Светлана Панич: Я попробую еще больше усложнить проблему, уцепившись за одно словосочетание – «ценность жизни нерожденного младенца». Коль скоро мы исходим из того, что младенец в утробе матери с момента зачатия – это полноценный человек, следовательно, его ценность жизни не иная, чем ценность жизни уже родившегося младенца, которого привязывают в реанимации, чтобы он не мешал втыкать в себя трубки, не пускают к нему родителей. Его ценность жизни не иная, чем ценность жизни онкобольного, который выбрасывается из окна, боясь, что ему не найдут обезболивающее, или старика, который плетется по нашей улице под насмешки и тащит свою несчастную тележку, думая о том, что ему может просто не хватить еды…
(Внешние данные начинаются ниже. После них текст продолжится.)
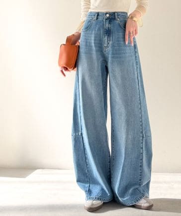 自然なカーブで美脚見え。抜け感たっぷりカーブラインデニムパンツ(ワイド)ce0900016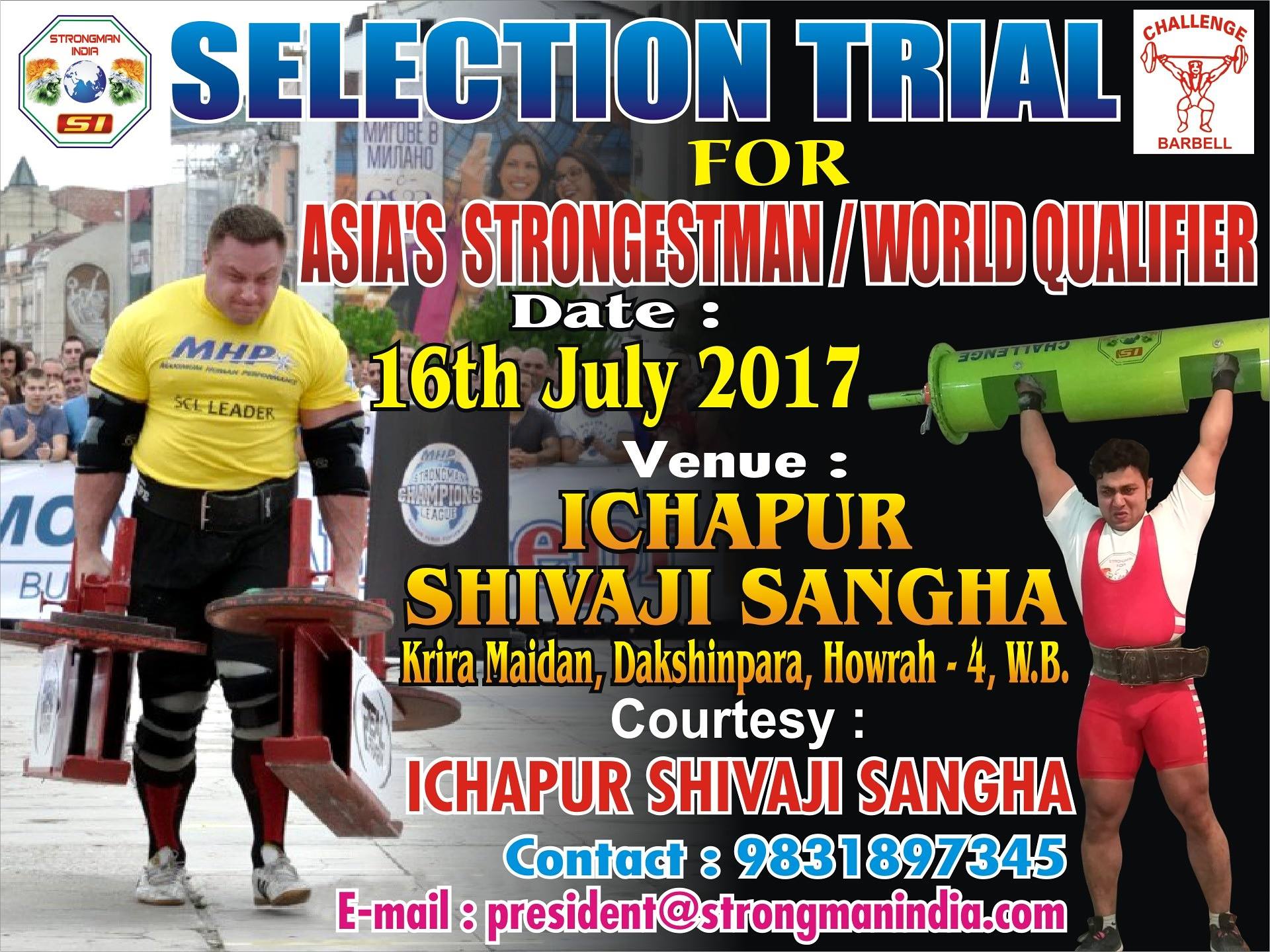 Selection Trial for SCL Asia’s Strongestman / World Qualifier 2017Official Strongman IndiaJuly 12, 2017Events0 Comments Selection Trial for SCL Asia’s Strongestman / World Qualifier 2017 Selection Trial for SCL Asia’s Strongestman / World Qualifier 2017 Date: 16th July, 2017 Vanue: Ichapur Shivaji Sangha Krira Maidan, Dakshinpara, Howrah – 4, West Bengal. Contact: 9831897345 Email: president@strongmanindia.com Presented by: “Strongman India” & “Challenge Barbell” Courtesy: Ichapur Shivaji Sangha Share this post SCL Asia’s Strongestman / World Qualifier 2017 – 26 & 27th August, Dehradun, Uttarakhand National Loglift and Axle Deadlift in Bhopal 29th October 2017 Related Posts Level Up Endurance with Treadmill Workouts Posted on October 14, 2024 SCL World Championship – U90 & U105 , 2018, Finland Posted on September 3, 2018

Мне кажется, что разговор о запрете на аборты и вообще, вся запретительная риторика, которой пытается манипулировать общественное мнение с обеих сторон, изначально непродуктивен. Мы не можем говорить о запрете на одну форму убийства в той культуре, в которой, так или иначе, поставлена под вопрос ценность жизни человека как такового. Все попытки запретить аборты, которые уже были в истории отечества (и до 1917 года, и в 30-е годы), приводили только к одному – к появлению нелегальных абортариев и бабок-ведуний, которые вытравляли плод какими-то дикими способами. Жертвой именно такого нелегального аборта стала приехавшая в Россию Гаяна, дочь Матери Марии.

Вместо того чтобы думать, как помочь этим несчастным людям (ведь никто не делает аборты из любви к искусству, каждый раз за этим стоит трагедия), нравственно озабоченная среда загоняет их в ситуацию парий и тем самым творит еще одно подполье, где будет твориться еще большее зло.

Разговор о запрете на аборты и вся запретительная риторика изначально непродуктивны

Вопрос не в том, запрещать или не запрещать аборты. Он будет продуктивен, если его сформулировать иначе: как помочь, что сделать для тех людей, которые в силу социальных обстоятельств вынуждены идти на такую частную трагедию?

Павел Бегичев: Спасибо, что вы вывели проблему еще на одну грань – на милосердие к людям, попавшим в сложную ситуацию. Но ведь это само собой разумеется. Те, кого вы называете нравственно озабоченными людьми, чаще всего кладут жизнь на то, чтобы помочь людям, попавшим в эту группу. Я как протестант знаю, что у нас в разных церквях множество противоабортных кабинетов. Там чаще всего работают профессиональные психологи, иногда - священнослужители, которые оказывают психологическую, а иногда даже и материальную помощь женщинам, приходящим делать аборты. Есть договоренность с врачами, и, прежде чем сделать аборт, их посылают поговорить с этими психологами, служителями Церкви. И есть определенный процент женщин, которые все-таки принимают решение рожать.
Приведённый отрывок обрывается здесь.